High-torque and low-noise IPMSM multi-objective collaborative
optimization based on multi-layer surrogate model
Abstract
To achieve efficient and rapid optimization for high torque and low
noise permanent magnet synchronous motors, this paper proposes a
multi-layer surrogate model-based optimization method for IPMSM
(Interior Permanent Magnet Synchronous Motor) based on sensitivity
classification of structural parameters. Firstly, using a hybrid model
of “FEM + Unit Force Wave Response,” the key order electromagnetic
forces causing electromagnetic noise in various operating conditions of
the motor are obtained. Their amplitudes, along with the motor’s average
output torque and torque ripple, are taken as optimization objectives.

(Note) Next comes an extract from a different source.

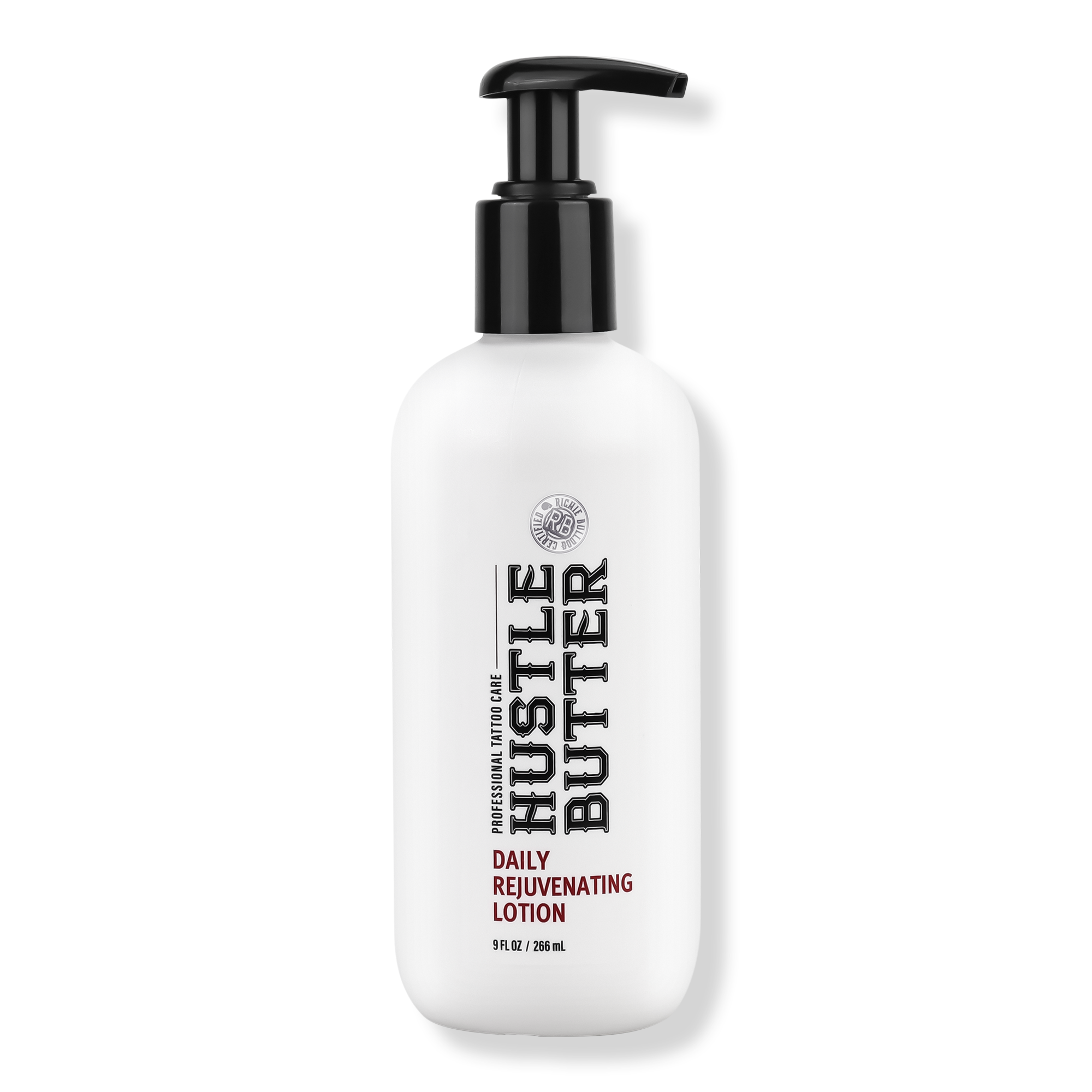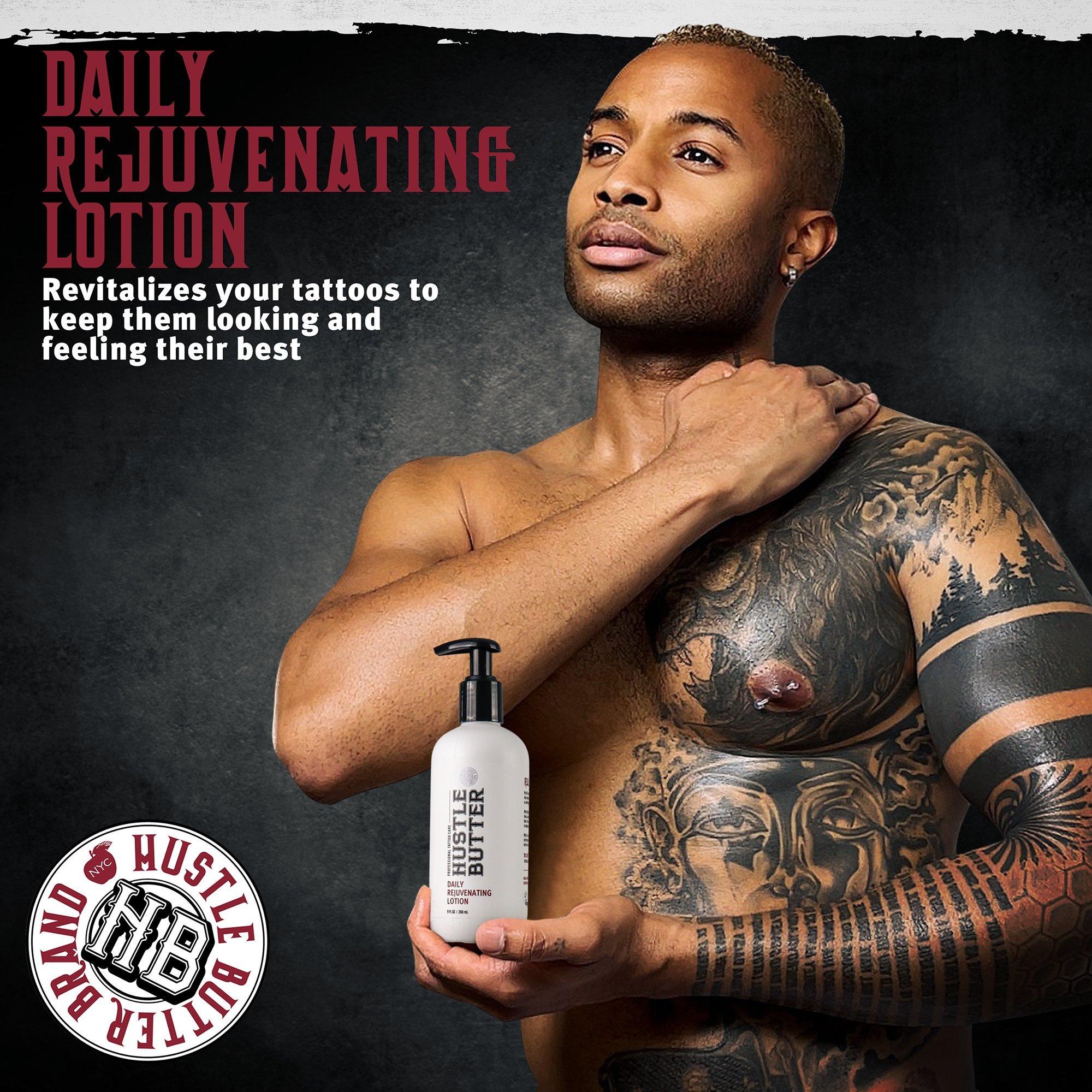 Hustle Butter Daily Rejuvenating Lotion nourishes your skin and tattoos to keep your artwork looking fresh. Use it all over for moisturized, glowing skin.
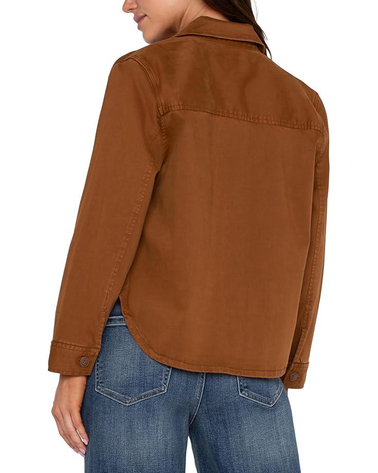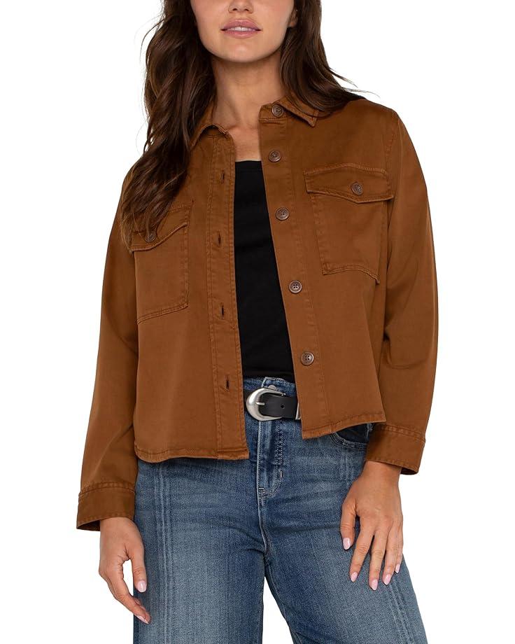 Complete your everyday look styling the Liverpool™ Los Angeles Cropped Shirt Jacket in ultra-soft touch twill. This trendy piece boasts a regular fit, collared neck, and two chest pockets for practical elegance. With tonal buttons and a button front closure, it's perfect for adding a touch of sophistication. Long sleeves with buttoned cuffs enhance its versatile design, making it a must-have for your wardrobe.

By analyzing the sensitivity of structural parameters using the random
forest algorithm, the selection and classification of structural
parameters are achieved. A hierarchical optimization is then performed
using a combination of a multi-island genetic algorithm, a
multi-objective particle swarm optimization algorithm, and parameterized
scanning. Compared with traditional multi-field coupled optimization
methods, this method saves computational resources while reducing
calculation time by 54.9%. After optimization, the average output
torque is increased by 34.6% compared to before optimization, the
amplitude of key order electromagnetic forces of the motor is reduced by
13.7%, and torque ripple is reduced by 67.8%.